Work order>
Only one stretch of the data below is needed: the line with "Spring '23 Initiates: Ali9ned 2 DSTiny" through the last line. Output it exactly and drop the pictures.

..............................

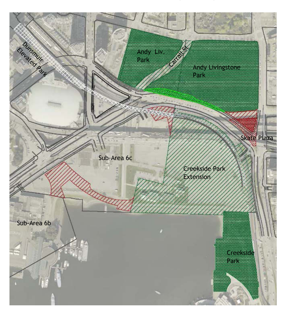
FIGURE 1: MAP OF SIZE PARKS AND OPEN SPACES (MAY 2017)
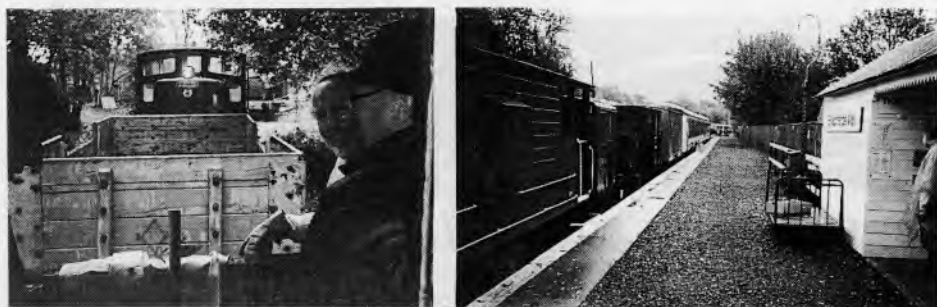
All aboard en route to the work site and the passenger platform on the E.K. Light Railway at Shepherdswell
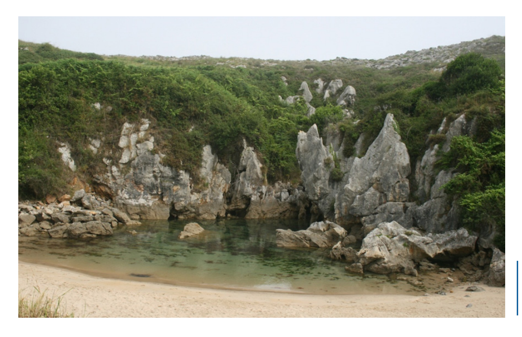
Fig. 4: The karstic landscape of Gulpiyuri beach, where the grapevines grow on the calcareous wall above the high tide level.

About the traditional uses of wild grapevine in Asturias, the only testimony found was the construction of hoops of fishing traps for lobster around Toranda beach.
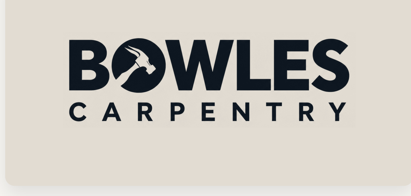
PRIMARY — ON LIGHT

A heavy, square-shouldered wordmark with a hammer nested in the O. Two colors only — ink navy on warm stone. Keep clear space around it; never recolor or stretch it.
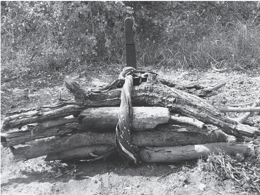
FIGURE 0.4. A pile of fuelwood. Photo and narrative by Neema, a female farmer, August 2016.

I worry about getting caught by the mgambo every time I go collect fuelwood. I pray to God often. People are finding it hard to move forward with their lives. It feels like we are being squeezed, like we've been put in between brackets. It's like we've been informed of an impending death of a relative. Life goes on, but it's difficult not knowing when or where I will be moved to. . . . Men can always go off somewhere and do casual work. It's harder for women, older people, and especially widows like me. And much harder for elderly women who are disabled, like my mother. 17
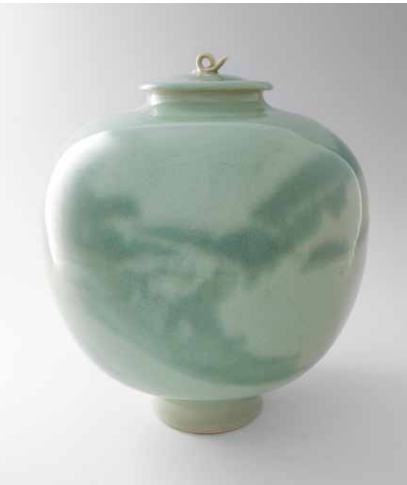
VASE WITH LID tender green celadon glaze 13.25 x 13 x 13" TH759B
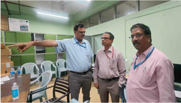
State Coordinator along with SIO at Dharani Project lab on the 8 th floor
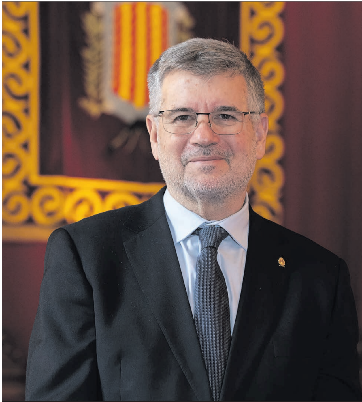
AJUNTAMENT DE TARRAGONA

–Tell us about the main city holidays and Catalan gastronomic traditions. Our highlight is romesco sauce,
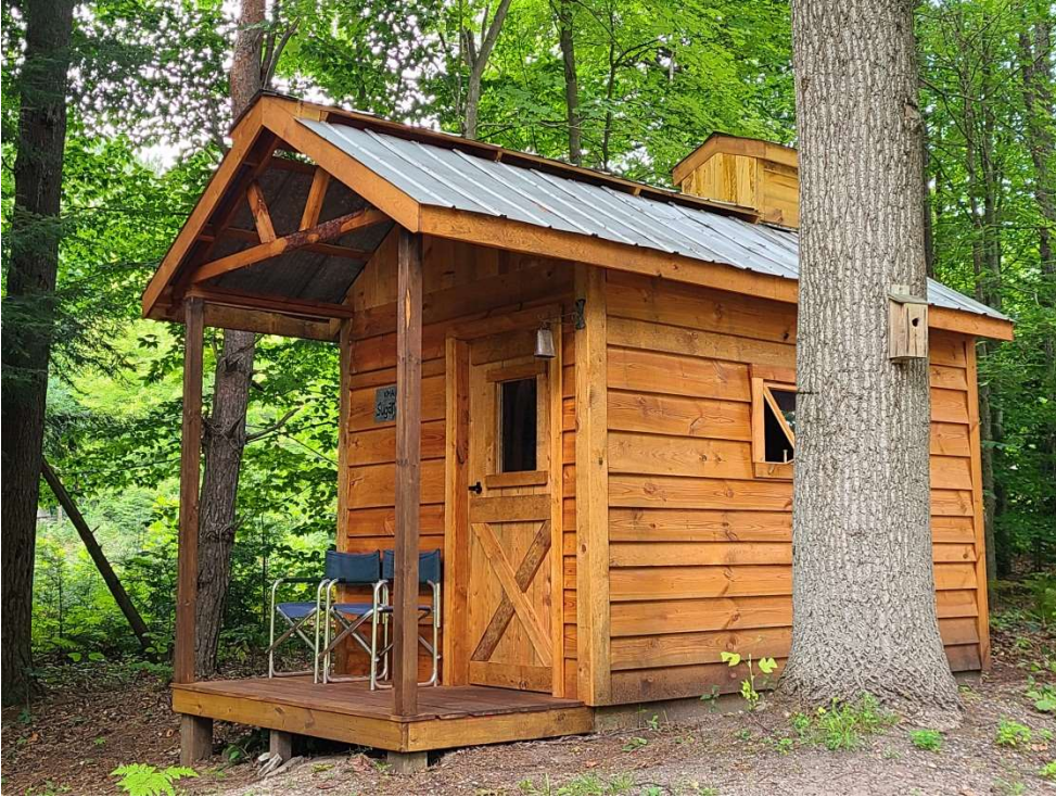
Shack is 8' x 16' including the porch
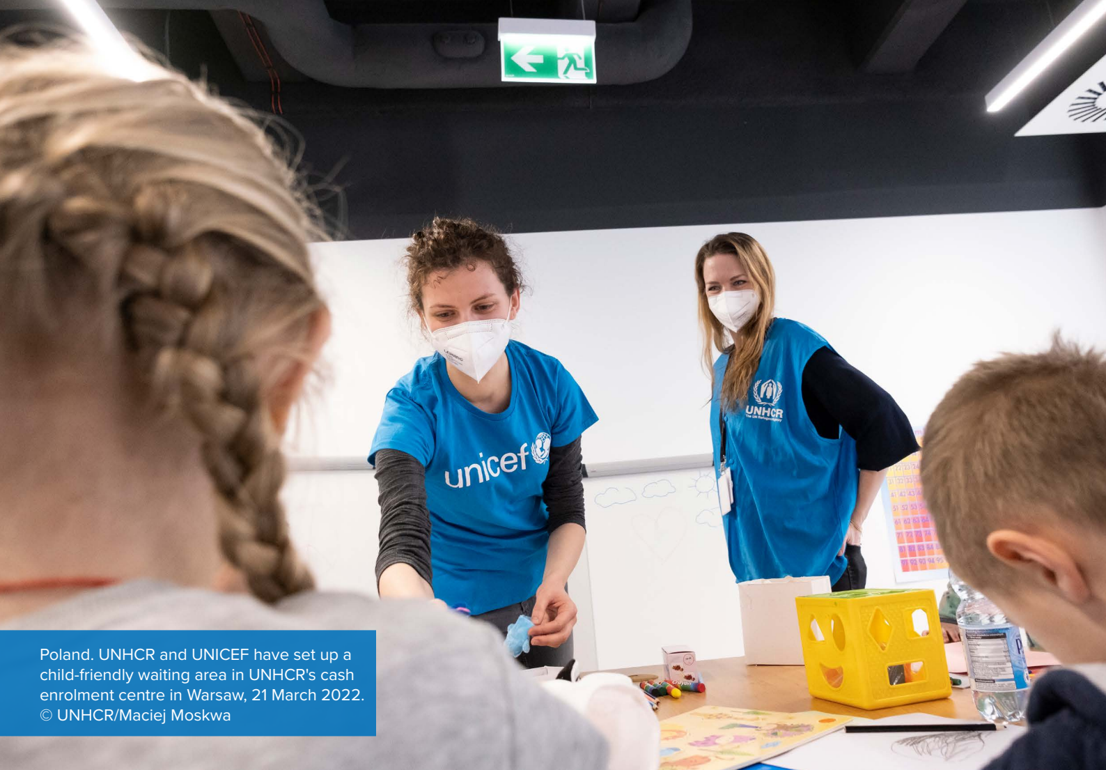
Poland. UNHCR and UNICEF have set up a child-friendly waiting area in UNHCR's cash enrolment centre in Warsaw, 21 March 2022.
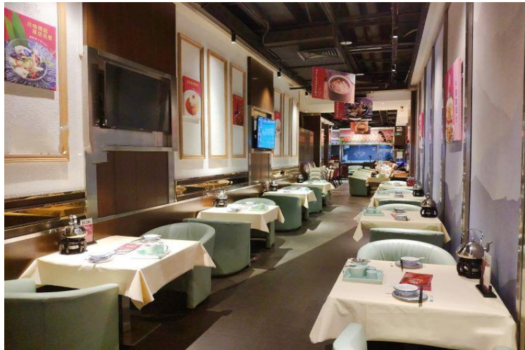
Figure 30(a). Interior Chun Zai.
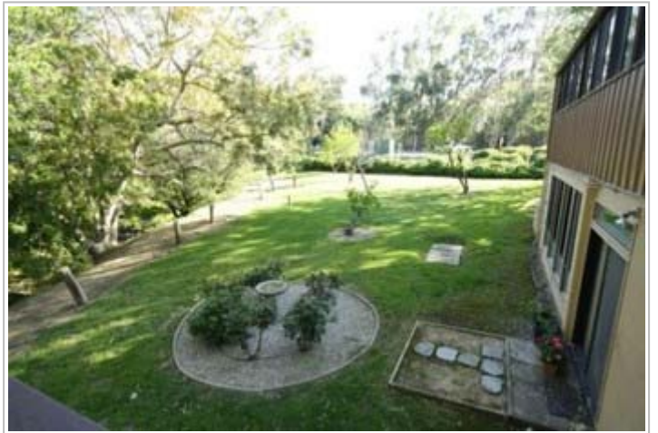
Common Outside Area
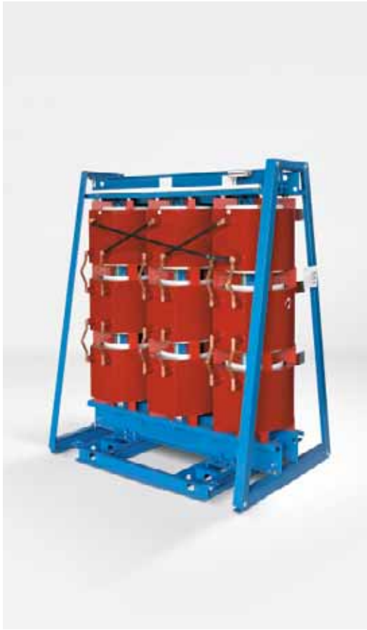
GEAFOL-Static Converter 3-tier design
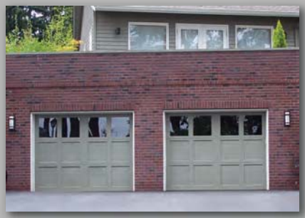
Model T102S, Custom Mullion Width
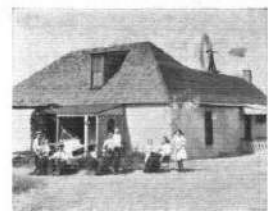
RESIDENCE OF PHIL TRED.
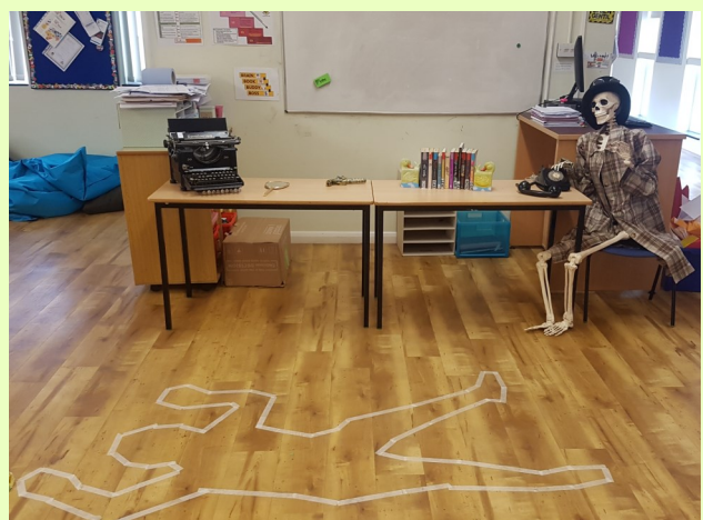
The Escape Room setting
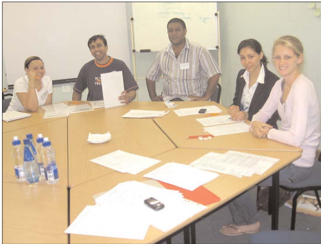
Participants at a one-day training course for doctors on emergency treatment of severe burns.
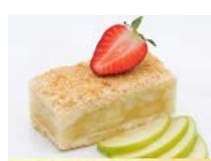
APPLE CRUMBLE TRAYBAKE €29.95 44PTN FPAG48191
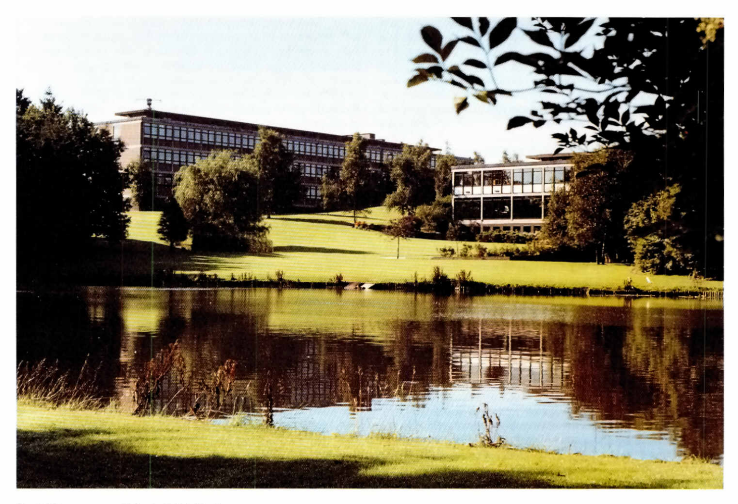
Fig. 3. The campus of Rhode-Saint-Genèse.

these contributions. I shall limit my account to the research themes and principal conclusions that had a major impact on our understanding of developmental biology.
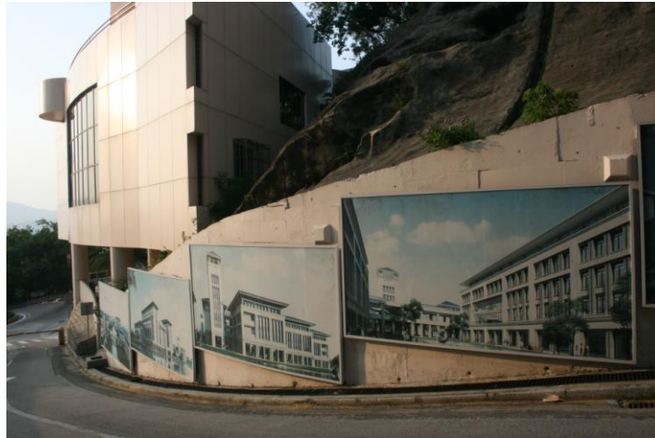
Fig. 5: Renderings of the future campus of University of Macau on Hengqin displayed on the current campus in Macau
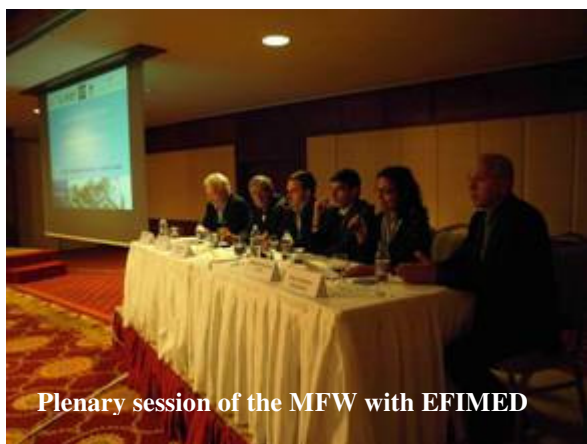
Plenary session of the MFW with EFIMED
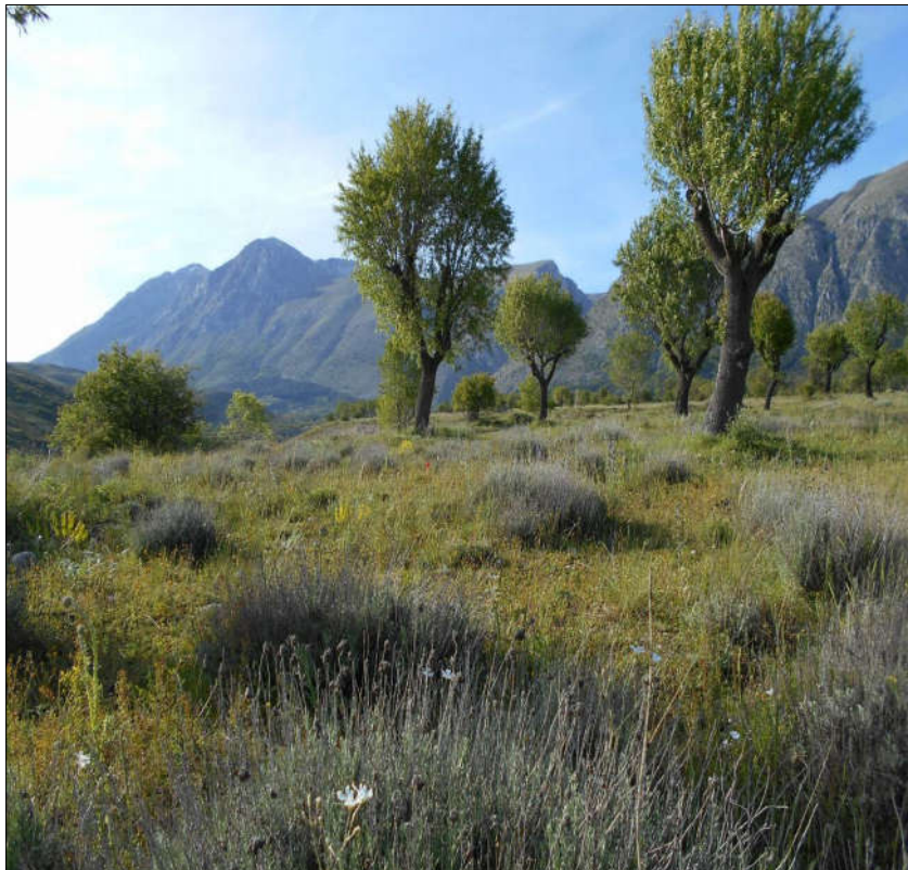
Photo 10. Old almond grove in a dry valley (Fucino basin) now used as extensive pasture and encroached with Helichrysum italicum .

Idoia Biurrun, Bilbao, Spain idoia.biurrun@ehu.es
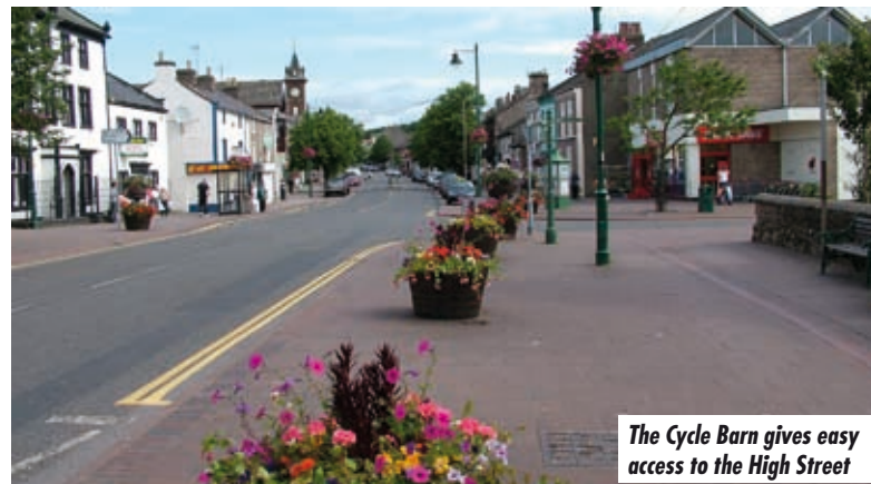
The Cycle Barn gives easy access to the High Street

👁 Under new ownership and awaiting inspection
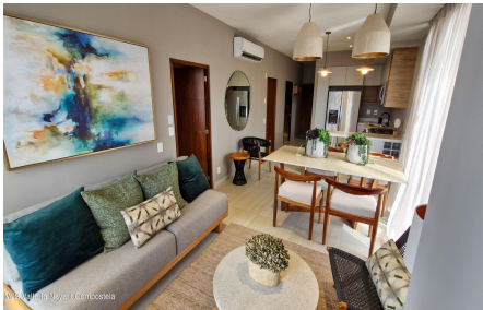
MLS Vallarta Nueva Compostela
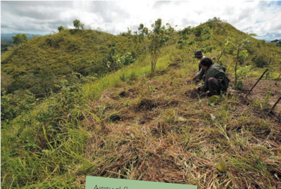
Figure 7. A target site for ANR
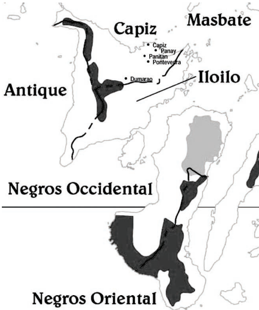
Map 2. Western Visayas showing the remaining forests (shaded areas), c.1900
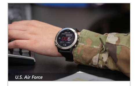
DoD Investing in Wearable Technology That Could Rapidly Predict Disease
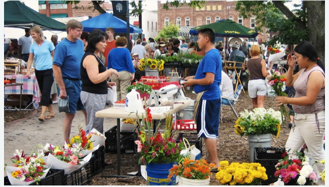
A popular event April-October is the Evening Farmers Market, which is open every Thursday from 3:30-6 p.m.

Nearly 21,000 students are enrolled in the Iredell-Statesville Public Schools with a student-teacher ratio of 16 to 1. Private school offerings for families include Cornerstone Christian Academy, Statesville Montessori School, and Statesville Christian School. Nearby colleges include Davidson College, Livingstone College, and Catawba College. Mitchell Community College, located in the heart of Statesville, provides many secondary education opportunities to nearly 1,800 students.
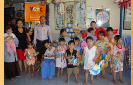
Kids with their friend
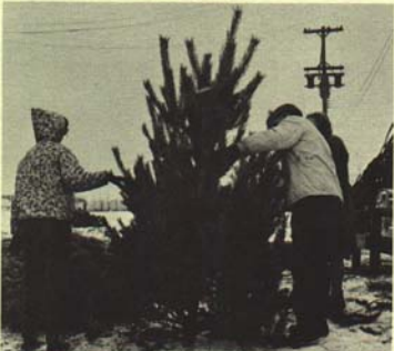
And here's another. If this is typical of the lot, this shopper may well end up buying an artificial tree.
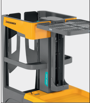
Controls and storage tray in view at all times
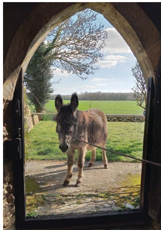
Pet blessing service at Noke

A church near you https://www.achurchnearyou.com/church/5956/ 3 Parishes Magazine 11 issues per year with Islip and Woodeaton (330 print run) Village email group The Church Explorer https://thechurchexplorer.blogspot.com/2021/05/st-giles-noke.html
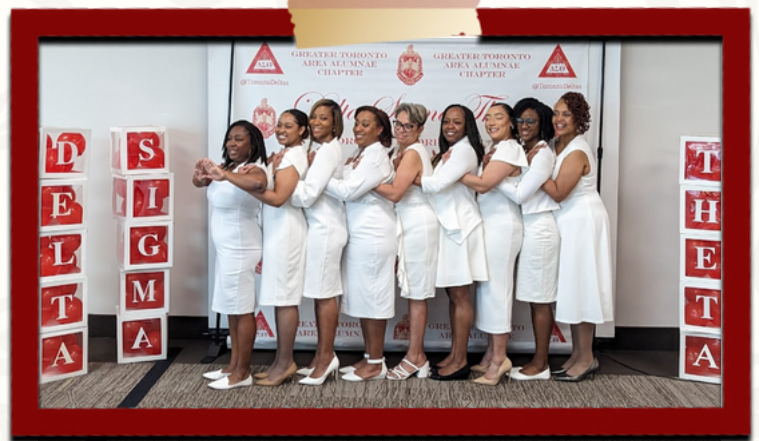
Spring '23 Initiates: Ali9ned 2 DSTiny
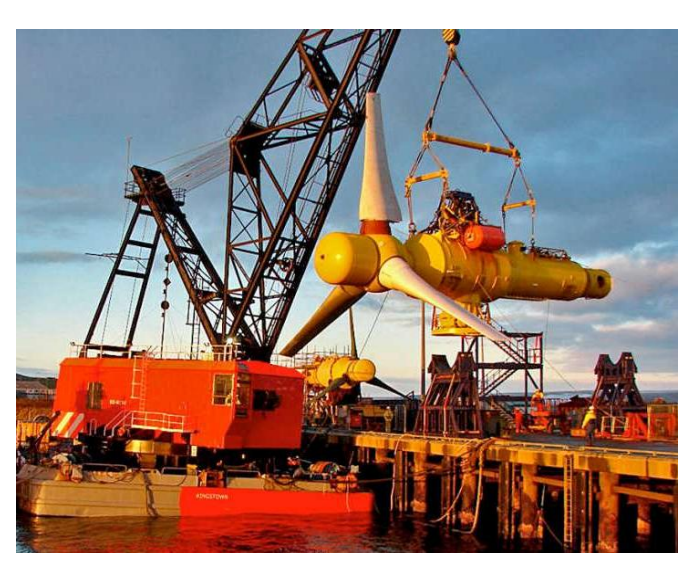
Fig. 7. Alstom tidal turbine.

In 2013, Alstom successfully installed a 1 MW tidal current turbine at EMEC tidal test site after the acquisition of Tidal Generation Limited (TGL) [23-24]. Figure 7 shows the Alstom's 1 MW tidal turbine system. This tidal turbine weighs 150 tonnes and has three pitchable blades, a rotor diameter of 18 m and a nacelle length of 22 m. A standard drive train and power electronics device is inside the nacelle. This turbine system can be installed in a water depth between 35 and 80 meters. It can generate electricity with a tidal current between 1 m/s and 3.4 m/s, and reaches the rated power for a tidal current speed of 2.7 m/s. This 1 MW Alstom tidal turbine is under extensive testing and analysis in different operational conditions off Orkney islands throughout 2013 over an 18 month period.
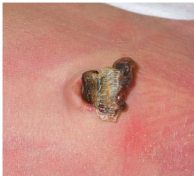
Cord/pito after it has dried and clamp removed

The plastic cord clamp used at birth is usually removed once the cord/pito is dry.

..............................

Task response>
Spring '23 Initiates: Ali9ned 2 DSTiny
Fig. 7. Alstom tidal turbine.

In 2013, Alstom successfully installed a 1 MW tidal current turbine at EMEC tidal test site after the acquisition of Tidal Generation Limited (TGL) [23-24]. Figure 7 shows the Alstom's 1 MW tidal turbine system. This tidal turbine weighs 150 tonnes and has three pitchable blades, a rotor diameter of 18 m and a nacelle length of 22 m. A standard drive train and power electronics device is inside the nacelle. This turbine system can be installed in a water depth between 35 and 80 meters. It can generate electricity with a tidal current between 1 m/s and 3.4 m/s, and reaches the rated power for a tidal current speed of 2.7 m/s. This 1 MW Alstom tidal turbine is under extensive testing and analysis in different operational conditions off Orkney islands throughout 2013 over an 18 month period.
Cord/pito after it has dried and clamp removed

The plastic cord clamp used at birth is usually removed once the cord/pito is dry.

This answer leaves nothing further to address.